This article explains how to write a post-market surveillance plan for CE Marking and how to determine if a post-market clinical follow-up (PMCF) study is required.

Screenshot 2015 12 15 at 6.18.57 AM Post market surveillance plans: How to write one for CE Marking.

A post-market surveillance (PMS) plan is only required for the highest risk devices by the FDA (i.e., typically devices that require a PMA or premarket approval). For CE Marking, however, all product families are required to have evidence of post-market clinical follow-up (PMCF) studies or a justification for why PMCF is not required.

Why is a post-market surveillance plan a “hot button” with auditors recently?

Post-Market Surveillance is an area of emerging concern around the world. Not just a procedure for PMS, but an actual product-specific plan for gathering post-production data about your product or product family. Product registries, the anticipated launch of Eudamed and the implementation of UDI regulations are part of this industry-wide movement. The FDA has articulated the US plan for strengthening PMS in a guidance document, while the European PMS efforts are being debated as a central part of the new European Medical Device Regulations.

The biggest mistake I see 

The biggest mistake I see is that manufacturers refer to their PMS procedure as the PMS plan for their product family, and they say that they do not need to perform a PMCF study because the device is similar to several other devices on the market. Manufacturers need to have a PMS plan that is specific to a product or family of products.

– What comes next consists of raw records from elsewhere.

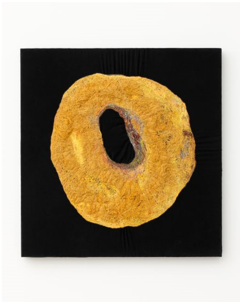
Slika 16. Junko Oki. Lemon 2, 2021.

Vidljivo je da u svom radu najčešće koristi niti u žutoj, crvenoj i plavoj boji, naravno u kombinaciji bijele i crne. Primjeri žutih radova okarakteriziranih po samoj boji govore o njezinoj inspiraciji koju pronalazi u Suncu, limunima i sl. Sama žuta boja simbol je živopisnosti, kreativnosti, stvaranja i slobode. U svom radu vođena je životvornošću, pa skladno tome stvara takve radove.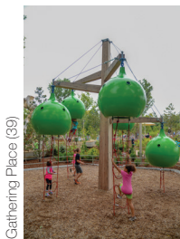
Gathering Place (39)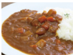
カレーライス & サラダ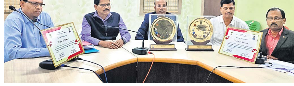
ଖବରଦାତା ସମ୍ମିଳନୀରେ ଜିଲାପାଳ ଓ ଅନ୍ୟମାନେ ।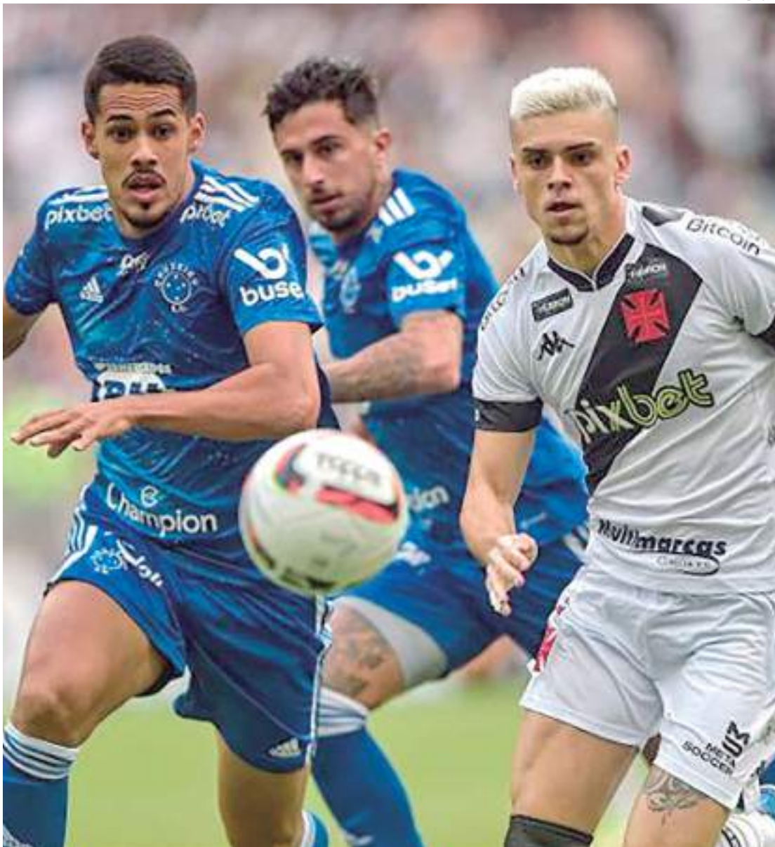
Cruzeiro tenta segunda vitória seguida diante do Vasco no Brasileirão

Após uma emocionante vitória contra a equipe Fortaleza, jogando na Arena Castelão, em jogo atrasado pela 30ª rodada do Campeonato Brasileiro, o Cruzeiro fará o 'jogo do ano' contra o Vasco. Devido à briga entre torcedores do Coritiba e do Cruzeiro na última rodada disputada do Brasileirão, o jogo será com portões fechados.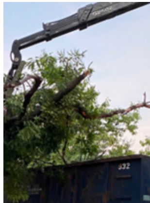
Al oprydning blev klaret i løbet af aftenen og natten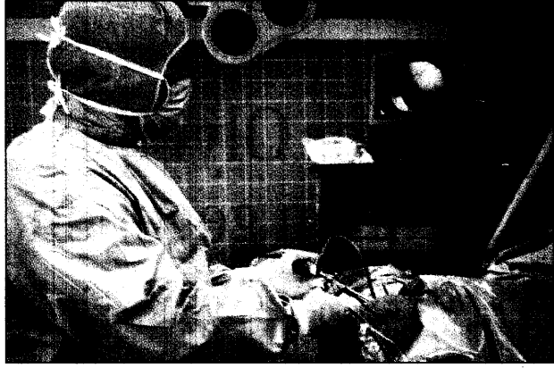
Wer über außergewöhnliche Erfahrungen verfügt, darf darauf in sachlicher Form aufmerksam machen.

Ausgangspunkt für die Entscheidung war ein Streitfall um orthopädische Klinik-Fachärzte. Diese hatten zum einen mehr als zehn Jahre nur Wirbelsäulen-Ops (7000), zum anderen seit 15 Jahren vor allem Knieoperationen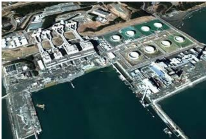
Место расположения: Япония

Атомная электростанция нового поколения, включает в себя пять реакторов BWR, и два – ABWR, которые на данный момент не используются нигде более. Максимальная мощность станции составляет 7 965 МВт.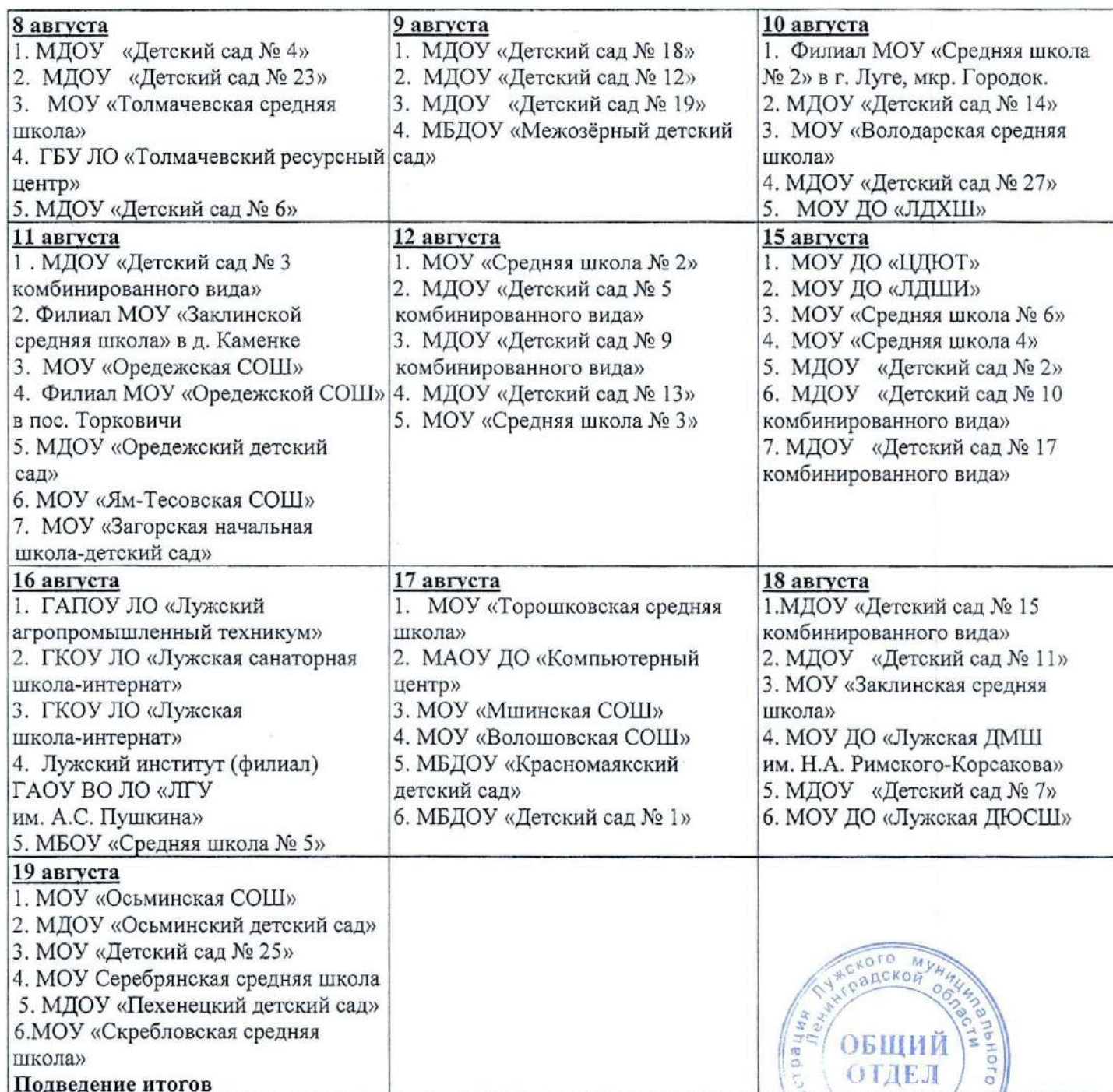
ГРАФИК приемки образовательных организаций Лужского муниципального района к новому 2022/2023 учебному году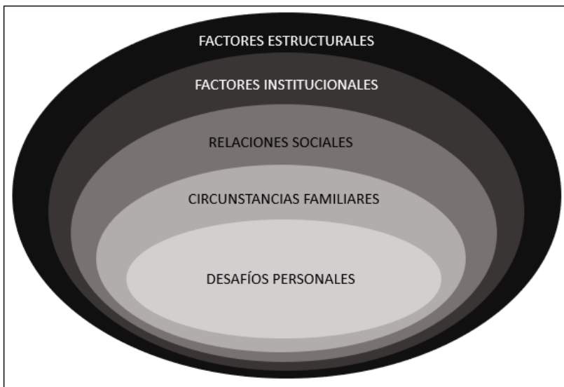
Figura 1. Factores de riesgo del abandono educativo temprano.

Las contribuciones de Bronfenbrenner (1979), Brown (2014), Díaz-Vicario y otros (2019) y Brown y otros (2021), nos permiten categorizar hasta cinco grupos de factores de riesgo interrelacionados e interdependientes (ver Figura 1) alrededor de los desafíos personales, las circunstancias familiares, las relaciones sociales, los factores institucionales y los factores estructurales.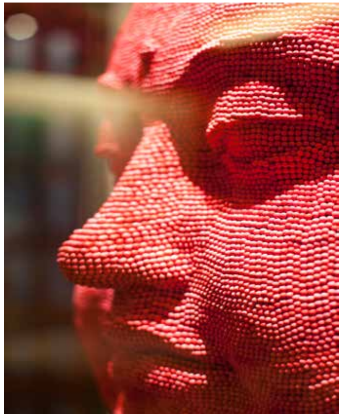
Tête de Bouddha, David Mach, 2007

How often is post-market surveillance data collected?

Your post-market surveillance procedure needs to be updated to identify the frequency and product-specific nature of post-market surveillance for each product family or a separate document needs to be created for each product family. For devices that are high-risk, implantable or devices that have innovative characteristics the manufacturer will need to perform some PMCF studies. Even products with clinical studies might require PMCF, because changes to the device, accessories and range of sizes may not be covered by the clinical studies. MEDDEV 2.12/2 provides guidance on the requirements for PMCF studies, but most companies manufacturing moderate risk devices do not have experience obtaining patient consent to access medical records in order to collect PMCF data–such as postoperative follow-up data.

Additional Resources

Medical Device Academy has created a post-market surveillance plan template that you can download for free. If you are looking for a procedure for post-market surveillance, please click here. If you are interested in learning more about PMS and PMCF studies, we also have a webinar on this topic.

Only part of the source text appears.